→ **SUPPLIED MATERIAL**:
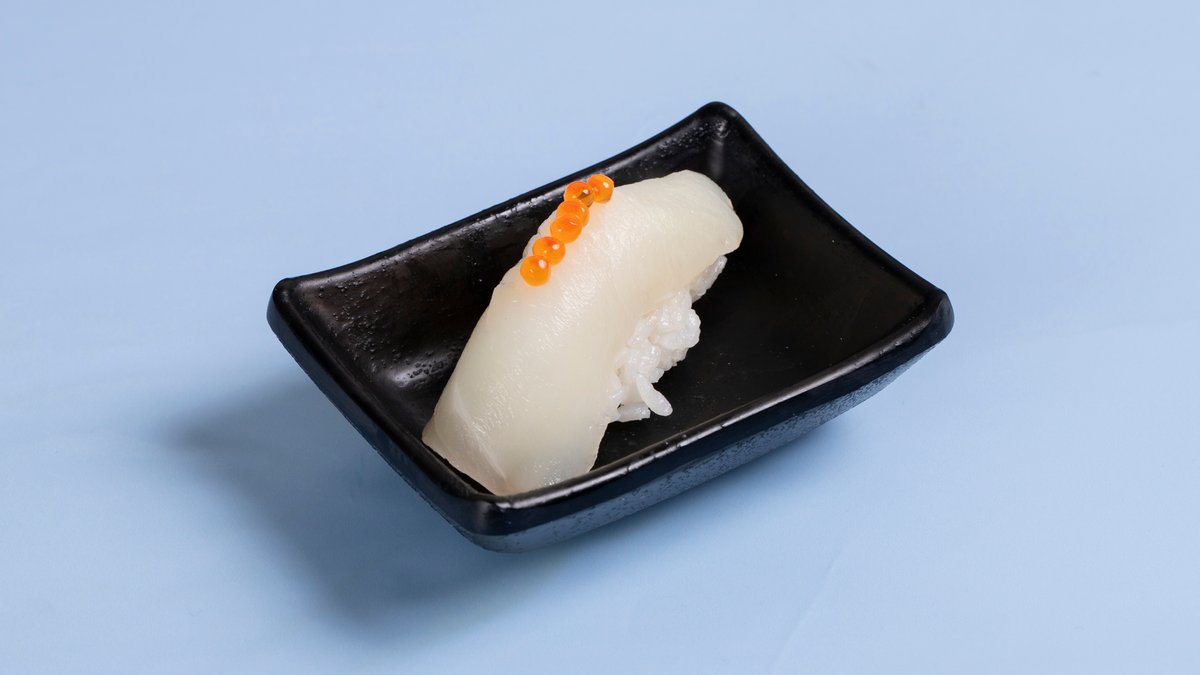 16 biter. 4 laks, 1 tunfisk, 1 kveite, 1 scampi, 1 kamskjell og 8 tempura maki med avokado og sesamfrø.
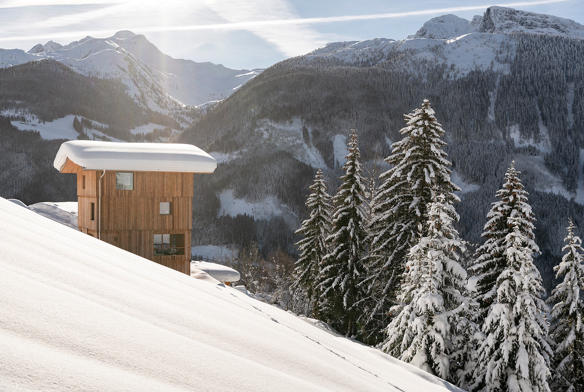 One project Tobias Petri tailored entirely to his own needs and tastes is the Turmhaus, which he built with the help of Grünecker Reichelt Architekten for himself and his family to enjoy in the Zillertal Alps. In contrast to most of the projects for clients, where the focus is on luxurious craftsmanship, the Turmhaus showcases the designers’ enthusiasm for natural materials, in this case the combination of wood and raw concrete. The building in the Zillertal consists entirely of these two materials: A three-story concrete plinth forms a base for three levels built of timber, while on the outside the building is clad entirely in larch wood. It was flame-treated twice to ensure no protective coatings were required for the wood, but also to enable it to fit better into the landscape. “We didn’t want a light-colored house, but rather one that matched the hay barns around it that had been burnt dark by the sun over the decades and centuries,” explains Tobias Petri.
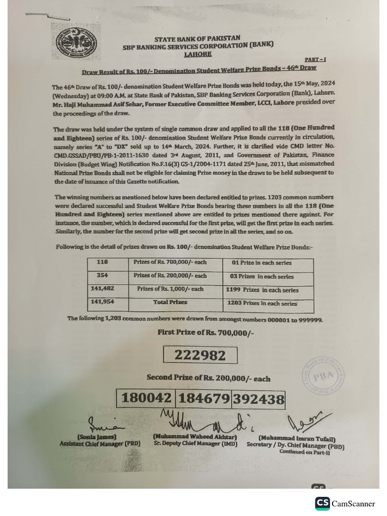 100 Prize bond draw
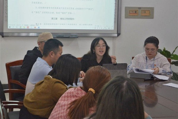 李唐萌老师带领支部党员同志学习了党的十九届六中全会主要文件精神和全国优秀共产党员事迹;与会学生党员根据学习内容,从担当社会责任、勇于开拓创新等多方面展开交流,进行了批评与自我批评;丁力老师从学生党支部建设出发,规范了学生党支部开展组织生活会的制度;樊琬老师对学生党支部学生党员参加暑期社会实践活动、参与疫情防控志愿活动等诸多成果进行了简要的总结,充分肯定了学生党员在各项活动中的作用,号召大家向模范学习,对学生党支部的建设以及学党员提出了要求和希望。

→ **INSTRUCTIONS FOR THE TASK**: Please retype the data exactly. The pictures do not go in.

→ **REPLY**:
 16 biter. 4 laks, 1 tunfisk, 1 kveite, 1 scampi, 1 kamskjell og 8 tempura maki med avokado og sesamfrø.
 One project Tobias Petri tailored entirely to his own needs and tastes is the Turmhaus, which he built with the help of Grünecker Reichelt Architekten for himself and his family to enjoy in the Zillertal Alps. In contrast to most of the projects for clients, where the focus is on luxurious craftsmanship, the Turmhaus showcases the designers’ enthusiasm for natural materials, in this case the combination of wood and raw concrete. The building in the Zillertal consists entirely of these two materials: A three-story concrete plinth forms a base for three levels built of timber, while on the outside the building is clad entirely in larch wood. It was flame-treated twice to ensure no protective coatings were required for the wood, but also to enable it to fit better into the landscape. “We didn’t want a light-colored house, but rather one that matched the hay barns around it that had been burnt dark by the sun over the decades and centuries,” explains Tobias Petri.
 100 Prize bond draw
 李唐萌老师带领支部党员同志学习了党的十九届六中全会主要文件精神和全国优秀共产党员事迹;与会学生党员根据学习内容,从担当社会责任、勇于开拓创新等多方面展开交流,进行了批评与自我批评;丁力老师从学生党支部建设出发,规范了学生党支部开展组织生活会的制度;樊琬老师对学生党支部学生党员参加暑期社会实践活动、参与疫情防控志愿活动等诸多成果进行了简要的总结,充分肯定了学生党员在各项活动中的作用,号召大家向模范学习,对学生党支部的建设以及学党员提出了要求和希望。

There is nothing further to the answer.